How Snow Affect Solar Panels Efficiency and Energy Output

Snow can significantly hamper the efficiency and energy output of solar panels. As snow accumulates on the panels, it blocks sunlight from reaching the photovoltaic cells. This reduces the amount of solar radiation that gets converted into usable electricity. Even a light dusting of snow can decrease energy production by 30% or more. As snow depth increases, so does energy loss. At around 2-3 inches of snow, solar panel output can drop by up to 70-80%. Anything over 3 inches can essentially cut power generation to zero.

The snow's density also affects efficiency loss. Light, fluffy snow is less impactful than heavier, wetter snow that compact and adheres to the panels. Large snow drifts are especially problematic, completely burying panels under piles of snow. Until the snow is cleared, frozen-over panels are rendered entirely nonfunctional. This can mean days or weeks of greatly reduced solar energy capture during peak winter weather. For homeowners relying on solar power as their primary energy source, this can cause major problems and unexpected utility costs. Even grid-tied systems that supplement the main power supply can see electricity bills spike due to snow-disabled solar panels.

The financial hit from snow-related solar shortfalls is significant. One analysis estimated over $1 billion in revenue loss annually for the U.S. solar industry because of snow. For northern states that average 60-70 days of snowfall per year, the impact on solar capabilities and energy savings can be substantial. Keeping solar panels clear of snow buildup is therefore critical for ensuring they live up to their full generating potential year-round, especially during the cloudy winter months when solar resources are already limited.

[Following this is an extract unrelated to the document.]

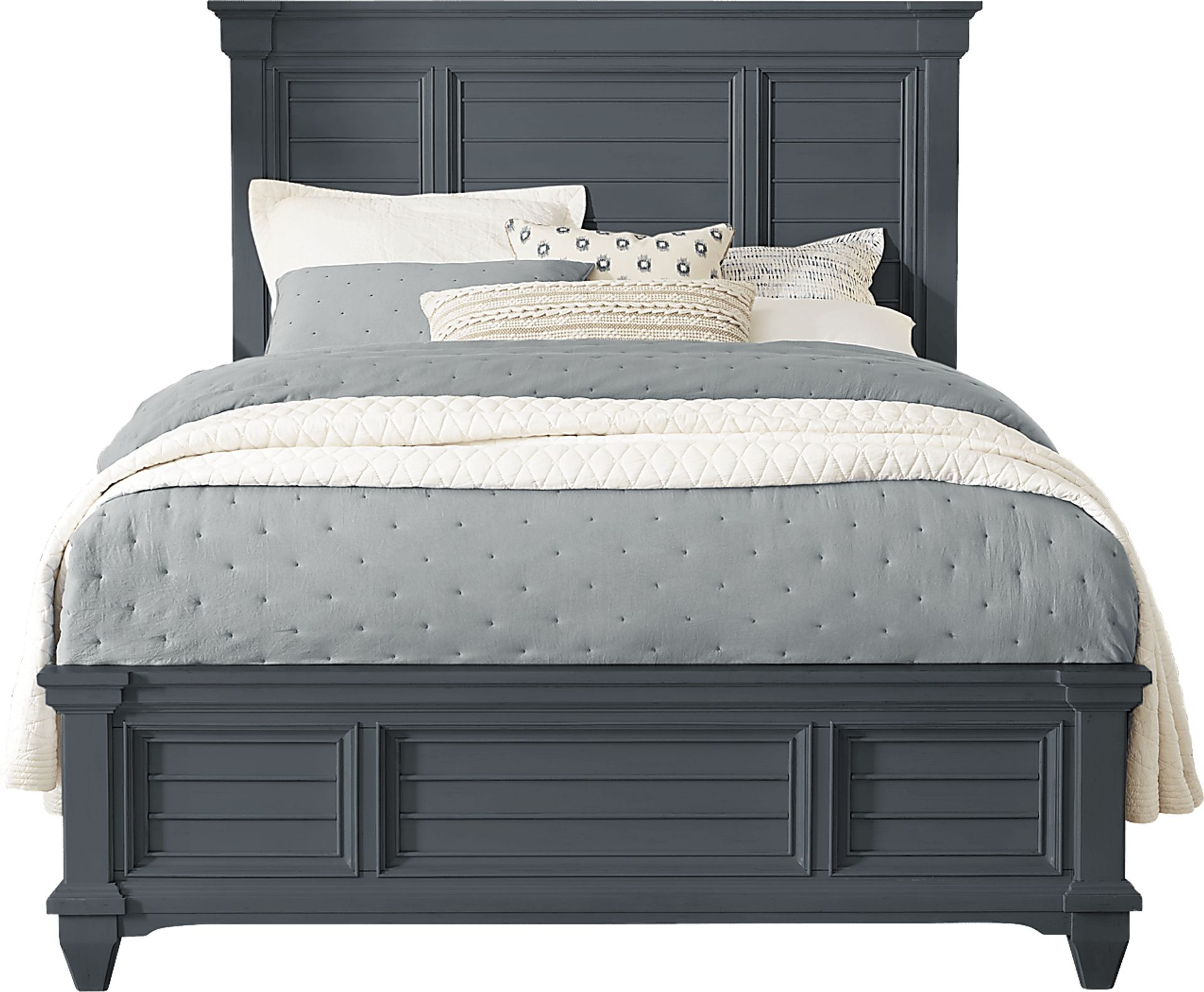 Relax at the end of the day in the serenity of the stylish Hilton Head panel bed. This cottage style bed features a shutter look on the headboard and footboard created by bead moulding. The graphite finish makes it decorator friendly and gives the bed a casual vibe. Reversible rails allow the height of the mattress to be raised or lowered. Mattress and foundation (if required) sold separately.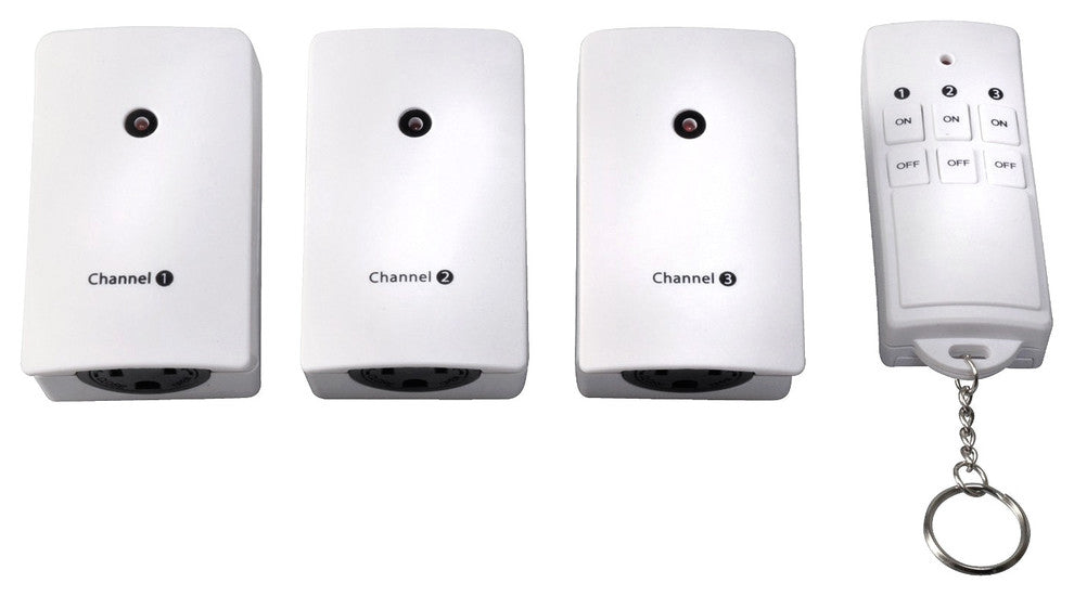 The Woods® 13569 Plug-In Indoor Wireless Remote Control with 3-Outlets operates up to 3 different home appliances from across the room, or another area of your house, using one remote control. Use the remote outlets in one room or multiple locations up to 66 feet away; beneficial for the mobility-impaired and anyone who just wants a one-touch, convenient way to turn lighting or appliances on and off. This package includes (3) receivers each with a space-saving grounded outlet, (1) transmitter and 12 volt battery. CFL compatible and LED ready, and is cUL certified for quality assurance. The Woods® Indoor Wireless Remote Control with 3-Outlets offers a fast, tool-free set-up and is easy to operate by the simple touch of a button. Use it to turn on lamps, activate holiday displays, operate electric fans and so much more. Perfect for hard to reach lamps and holiday decorations. The Woods® brand of timers and home controls bring simplicity to your life, by maximizing convenience, security and energy savings.

With solar energy being an increasingly vital source of renewable power, keeping panels in tip-top shape through the cold months is a must. A little strategic tilting, preventative coatings, and periodic clearing go a long way in maximizing solar panel snow mitigation. And new advances like automated heaters make 24/7 winter exposure no match for harnessing those precious rays, even during the darkest days. Stay ahead of Old Man Winter by implementing these targeted snow removal techniques. Before long, you'll be reaping the benefits of solar energy year-round!

About United Better Homes

United Better Homes is an experienced company that employs GAF-certified roofers, master window installers, and solar specialists. We take our customer's homes and transform them into energy-efficient abodes that look incredible. To learn more or to schedule a FREE consultation, please don't hesitate to call us at 401-274-0111.


What do you do with solar panels when it snows?

When snow is forecast, it's important to take proactive steps to minimize buildup on solar panels. Gently sweeping off light snow before it freezes and using tools to safely clear heavy snow ensures solar panels can continue generating energy through winter storms.

Should I shovel snow off my solar panels?

Yes, it is recommended to shovel snow off solar panels to maintain their efficiency. Removing snow buildup helps allow sunlight to reach the panels, preventing significant energy production losses that can occur when snow covers the photovoltaic cells.

Can I put heat tape on solar panels?

Special solar panel heating systems and heat tape can be installed to automatically melt snow on panels. However, these heating methods divert some solar energy to run. Hence, the trade-off in energy efficiency needs to be evaluated based on local climate and average snowfall.

Do solar panels still work with snow on them?

Solar panels can still generate some electricity if they have light snow accumulation, but energy output will be reduced. Heavy snow or complete coverage of the panels will block sunlight and essentially halt energy production until the snow can be removed.